(Source records)
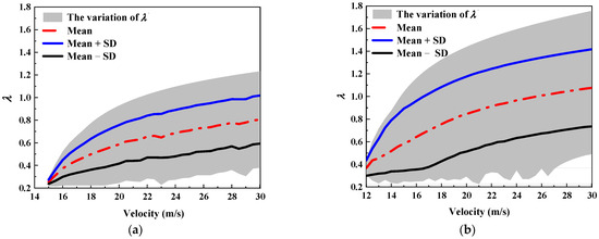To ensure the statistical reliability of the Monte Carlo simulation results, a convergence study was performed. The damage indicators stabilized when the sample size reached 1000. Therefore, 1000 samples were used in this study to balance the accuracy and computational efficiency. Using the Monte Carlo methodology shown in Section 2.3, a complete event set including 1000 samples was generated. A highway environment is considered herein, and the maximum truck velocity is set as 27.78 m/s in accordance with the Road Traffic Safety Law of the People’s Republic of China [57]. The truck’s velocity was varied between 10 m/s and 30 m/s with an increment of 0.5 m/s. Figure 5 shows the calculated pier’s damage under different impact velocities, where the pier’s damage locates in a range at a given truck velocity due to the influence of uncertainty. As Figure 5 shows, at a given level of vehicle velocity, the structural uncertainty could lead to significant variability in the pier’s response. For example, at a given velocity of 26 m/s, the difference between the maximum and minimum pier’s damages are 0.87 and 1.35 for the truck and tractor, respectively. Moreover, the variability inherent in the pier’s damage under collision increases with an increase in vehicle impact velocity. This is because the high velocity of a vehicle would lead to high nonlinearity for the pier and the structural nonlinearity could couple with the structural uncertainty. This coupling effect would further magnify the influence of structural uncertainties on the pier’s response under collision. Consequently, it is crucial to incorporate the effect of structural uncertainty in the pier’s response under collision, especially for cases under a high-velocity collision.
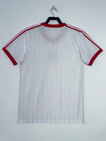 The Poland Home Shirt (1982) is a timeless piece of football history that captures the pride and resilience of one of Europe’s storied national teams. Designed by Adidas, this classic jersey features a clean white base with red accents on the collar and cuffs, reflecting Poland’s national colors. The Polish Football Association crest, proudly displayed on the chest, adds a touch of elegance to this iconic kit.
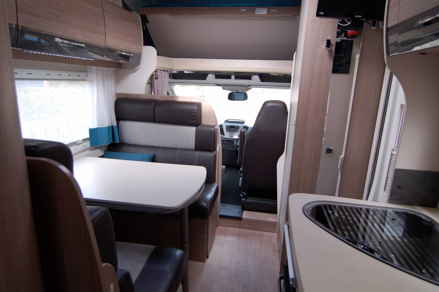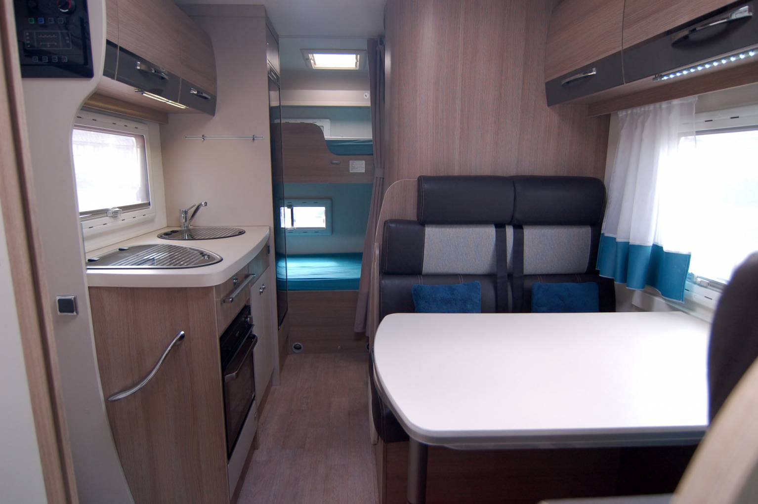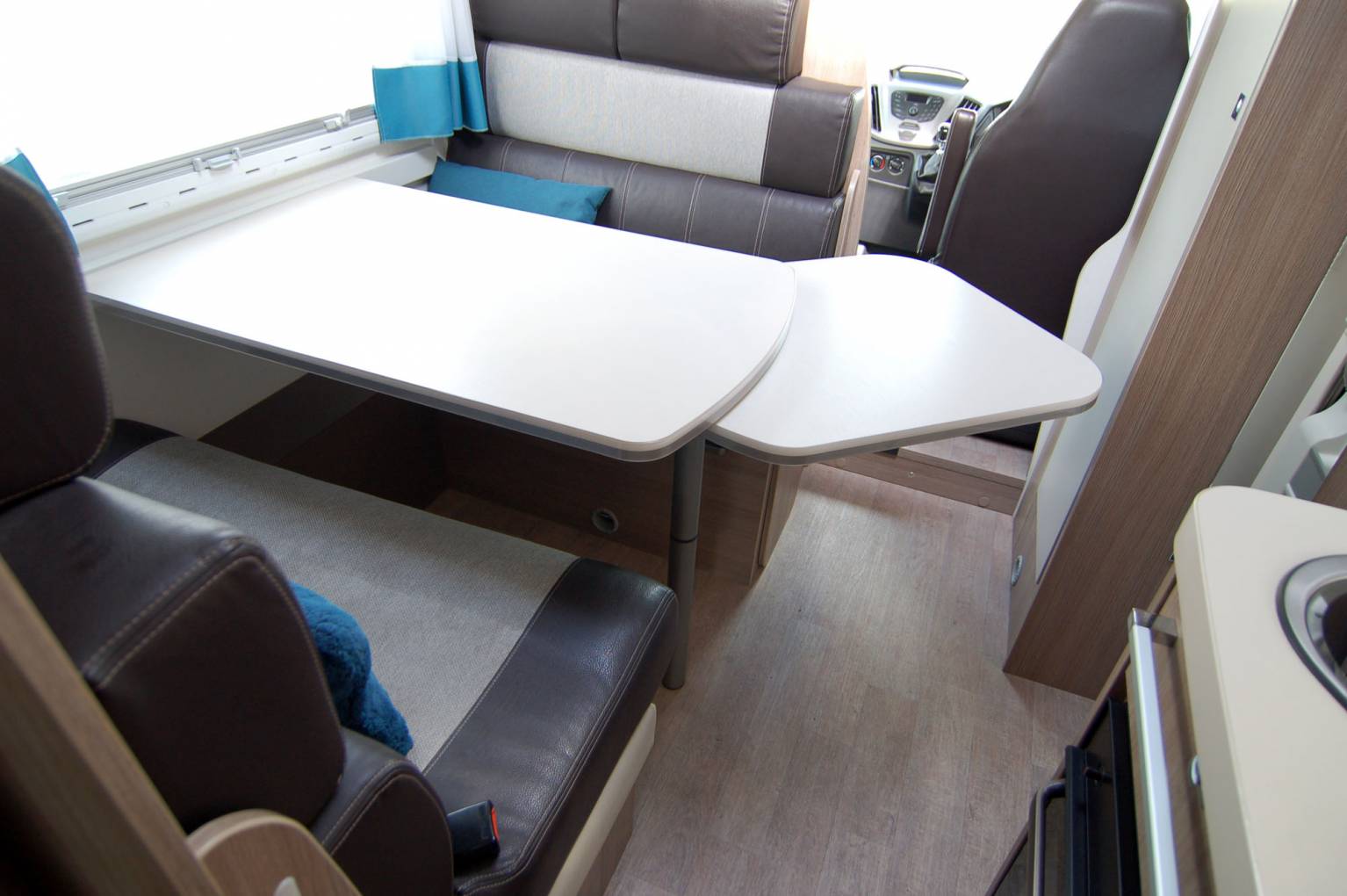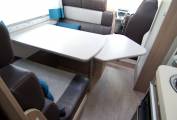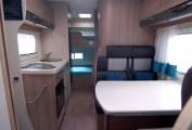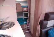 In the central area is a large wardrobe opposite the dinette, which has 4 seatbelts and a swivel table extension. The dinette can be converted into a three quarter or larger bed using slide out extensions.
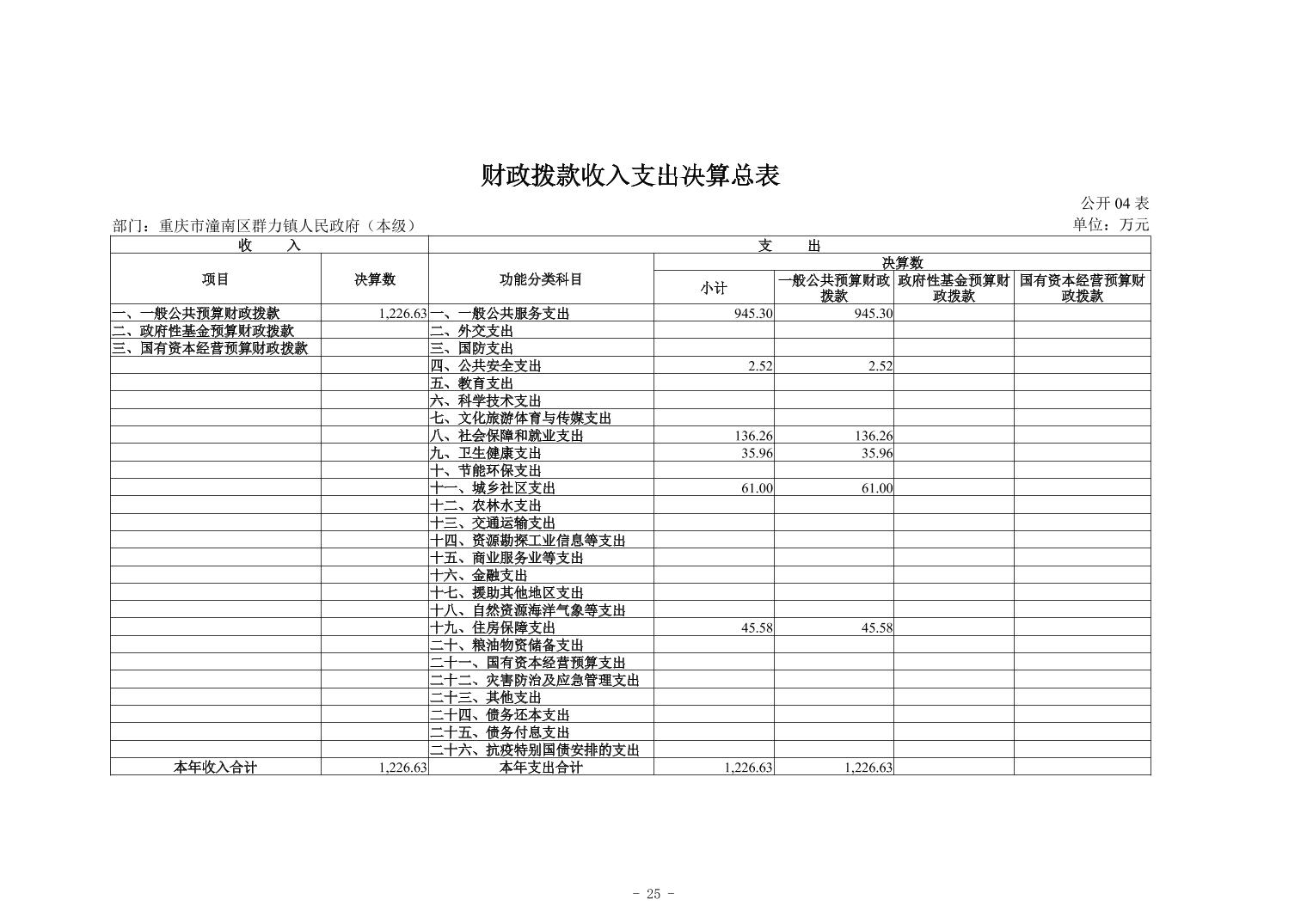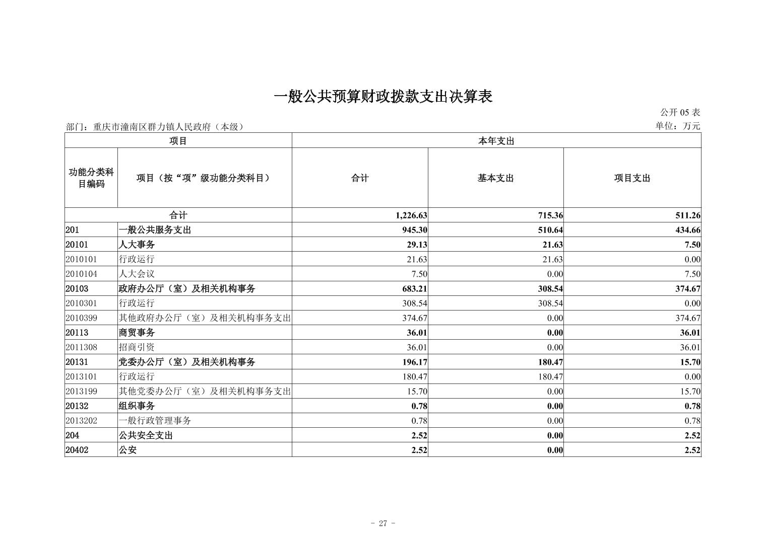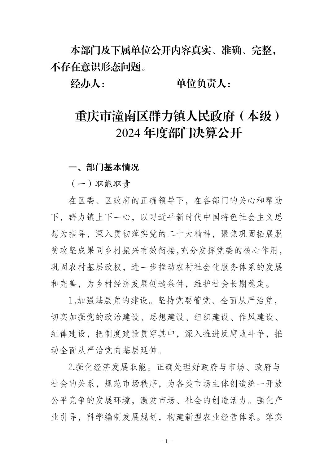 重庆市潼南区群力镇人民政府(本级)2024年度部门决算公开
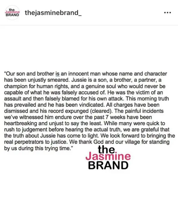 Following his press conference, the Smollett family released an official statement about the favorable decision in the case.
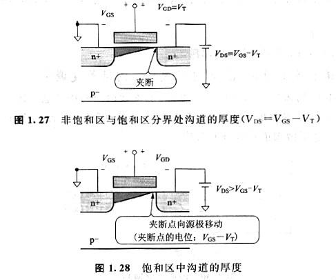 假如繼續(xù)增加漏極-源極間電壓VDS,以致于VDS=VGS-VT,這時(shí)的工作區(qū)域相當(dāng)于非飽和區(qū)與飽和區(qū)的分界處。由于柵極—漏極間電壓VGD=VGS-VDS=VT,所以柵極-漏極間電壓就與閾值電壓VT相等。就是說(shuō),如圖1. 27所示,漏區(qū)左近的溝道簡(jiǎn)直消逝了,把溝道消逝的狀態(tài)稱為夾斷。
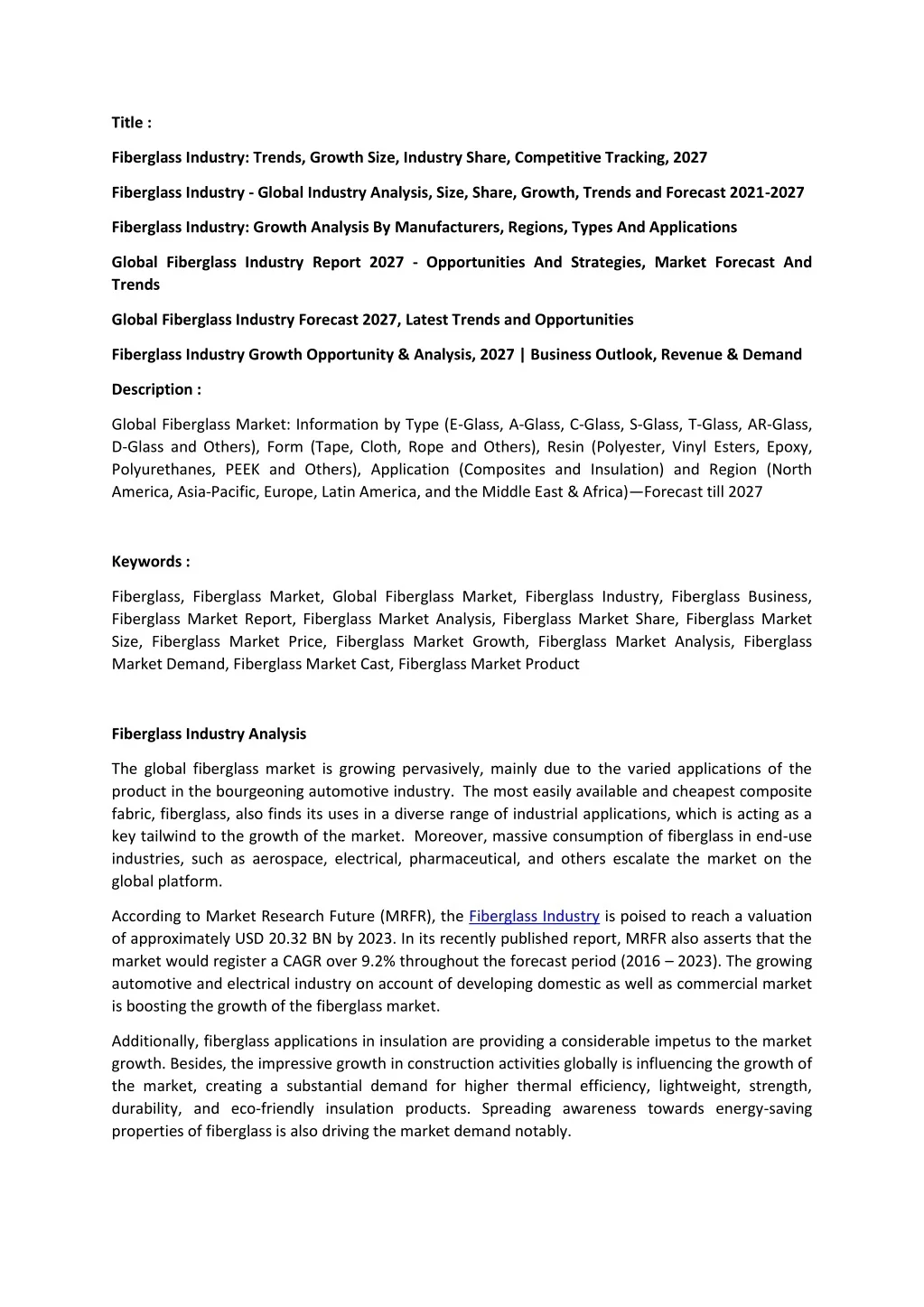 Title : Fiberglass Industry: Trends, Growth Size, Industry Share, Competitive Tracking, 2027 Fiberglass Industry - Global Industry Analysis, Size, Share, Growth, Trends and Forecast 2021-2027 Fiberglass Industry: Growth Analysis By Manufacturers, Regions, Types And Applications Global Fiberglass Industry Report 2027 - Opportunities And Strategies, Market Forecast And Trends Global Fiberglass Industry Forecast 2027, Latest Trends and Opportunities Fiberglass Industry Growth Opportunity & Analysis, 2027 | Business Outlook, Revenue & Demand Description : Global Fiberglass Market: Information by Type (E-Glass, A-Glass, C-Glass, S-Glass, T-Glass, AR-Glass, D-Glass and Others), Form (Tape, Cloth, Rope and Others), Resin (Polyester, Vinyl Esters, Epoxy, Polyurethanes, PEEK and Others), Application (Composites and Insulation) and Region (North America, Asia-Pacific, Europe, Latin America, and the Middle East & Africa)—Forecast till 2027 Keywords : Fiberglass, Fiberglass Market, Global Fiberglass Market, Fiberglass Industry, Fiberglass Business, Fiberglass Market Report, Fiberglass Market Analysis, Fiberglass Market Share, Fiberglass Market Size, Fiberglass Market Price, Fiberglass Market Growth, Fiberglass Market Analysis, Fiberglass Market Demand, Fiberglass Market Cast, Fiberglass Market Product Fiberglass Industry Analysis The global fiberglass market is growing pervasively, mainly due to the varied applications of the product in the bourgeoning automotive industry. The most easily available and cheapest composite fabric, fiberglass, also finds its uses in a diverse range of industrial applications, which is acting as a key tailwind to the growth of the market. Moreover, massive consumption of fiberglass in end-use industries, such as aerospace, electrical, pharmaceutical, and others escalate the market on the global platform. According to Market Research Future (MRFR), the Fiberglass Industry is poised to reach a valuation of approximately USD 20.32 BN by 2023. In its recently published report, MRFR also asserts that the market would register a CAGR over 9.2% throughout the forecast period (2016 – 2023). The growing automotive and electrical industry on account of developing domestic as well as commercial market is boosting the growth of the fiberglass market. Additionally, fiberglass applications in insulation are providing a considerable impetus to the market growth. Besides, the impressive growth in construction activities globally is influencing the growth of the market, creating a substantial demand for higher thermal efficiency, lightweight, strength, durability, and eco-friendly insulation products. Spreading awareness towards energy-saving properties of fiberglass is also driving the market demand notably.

## Task directions
Output all data exactly, omitting images.

## Solved exercise
To ensure the statistical reliability of the Monte Carlo simulation results, a convergence study was performed. The damage indicators stabilized when the sample size reached 1000. Therefore, 1000 samples were used in this study to balance the accuracy and computational efficiency. Using the Monte Carlo methodology shown in Section 2.3, a complete event set including 1000 samples was generated. A highway environment is considered herein, and the maximum truck velocity is set as 27.78 m/s in accordance with the Road Traffic Safety Law of the People’s Republic of China [57]. The truck’s velocity was varied between 10 m/s and 30 m/s with an increment of 0.5 m/s. Figure 5 shows the calculated pier’s damage under different impact velocities, where the pier’s damage locates in a range at a given truck velocity due to the influence of uncertainty. As Figure 5 shows, at a given level of vehicle velocity, the structural uncertainty could lead to significant variability in the pier’s response. For example, at a given velocity of 26 m/s, the difference between the maximum and minimum pier’s damages are 0.87 and 1.35 for the truck and tractor, respectively. Moreover, the variability inherent in the pier’s damage under collision increases with an increase in vehicle impact velocity. This is because the high velocity of a vehicle would lead to high nonlinearity for the pier and the structural nonlinearity could couple with the structural uncertainty. This coupling effect would further magnify the influence of structural uncertainties on the pier’s response under collision. Consequently, it is crucial to incorporate the effect of structural uncertainty in the pier’s response under collision, especially for cases under a high-velocity collision.
 The Poland Home Shirt (1982) is a timeless piece of football history that captures the pride and resilience of one of Europe’s storied national teams. Designed by Adidas, this classic jersey features a clean white base with red accents on the collar and cuffs, reflecting Poland’s national colors. The Polish Football Association crest, proudly displayed on the chest, adds a touch of elegance to this iconic kit.
 In the central area is a large wardrobe opposite the dinette, which has 4 seatbelts and a swivel table extension. The dinette can be converted into a three quarter or larger bed using slide out extensions.
 重庆市潼南区群力镇人民政府(本级)2024年度部门决算公开
 Following his press conference, the Smollett family released an official statement about the favorable decision in the case.
 假如繼續(xù)增加漏極-源極間電壓VDS,以致于VDS=VGS-VT,這時(shí)的工作區(qū)域相當(dāng)于非飽和區(qū)與飽和區(qū)的分界處。由于柵極—漏極間電壓VGD=VGS-VDS=VT,所以柵極-漏極間電壓就與閾值電壓VT相等。就是說(shuō),如圖1. 27所示,漏區(qū)左近的溝道簡(jiǎn)直消逝了,把溝道消逝的狀態(tài)稱為夾斷。
 Title : Fiberglass Industry: Trends, Growth Size, Industry Share, Competitive Tracking, 2027 Fiberglass Industry - Global Industry Analysis, Size, Share, Growth, Trends and Forecast 2021-2027 Fiberglass Industry: Growth Analysis By Manufacturers, Regions, Types And Applications Global Fiberglass Industry Report 2027 - Opportunities And Strategies, Market Forecast And Trends Global Fiberglass Industry Forecast 2027, Latest Trends and Opportunities Fiberglass Industry Growth Opportunity & Analysis, 2027 | Business Outlook, Revenue & Demand Description : Global Fiberglass Market: Information by Type (E-Glass, A-Glass, C-Glass, S-Glass, T-Glass, AR-Glass, D-Glass and Others), Form (Tape, Cloth, Rope and Others), Resin (Polyester, Vinyl Esters, Epoxy, Polyurethanes, PEEK and Others), Application (Composites and Insulation) and Region (North America, Asia-Pacific, Europe, Latin America, and the Middle East & Africa)—Forecast till 2027 Keywords : Fiberglass, Fiberglass Market, Global Fiberglass Market, Fiberglass Industry, Fiberglass Business, Fiberglass Market Report, Fiberglass Market Analysis, Fiberglass Market Share, Fiberglass Market Size, Fiberglass Market Price, Fiberglass Market Growth, Fiberglass Market Analysis, Fiberglass Market Demand, Fiberglass Market Cast, Fiberglass Market Product Fiberglass Industry Analysis The global fiberglass market is growing pervasively, mainly due to the varied applications of the product in the bourgeoning automotive industry. The most easily available and cheapest composite fabric, fiberglass, also finds its uses in a diverse range of industrial applications, which is acting as a key tailwind to the growth of the market. Moreover, massive consumption of fiberglass in end-use industries, such as aerospace, electrical, pharmaceutical, and others escalate the market on the global platform. According to Market Research Future (MRFR), the Fiberglass Industry is poised to reach a valuation of approximately USD 20.32 BN by 2023. In its recently published report, MRFR also asserts that the market would register a CAGR over 9.2% throughout the forecast period (2016 – 2023). The growing automotive and electrical industry on account of developing domestic as well as commercial market is boosting the growth of the fiberglass market. Additionally, fiberglass applications in insulation are providing a considerable impetus to the market growth. Besides, the impressive growth in construction activities globally is influencing the growth of the market, creating a substantial demand for higher thermal efficiency, lightweight, strength, durability, and eco-friendly insulation products. Spreading awareness towards energy-saving properties of fiberglass is also driving the market demand notably.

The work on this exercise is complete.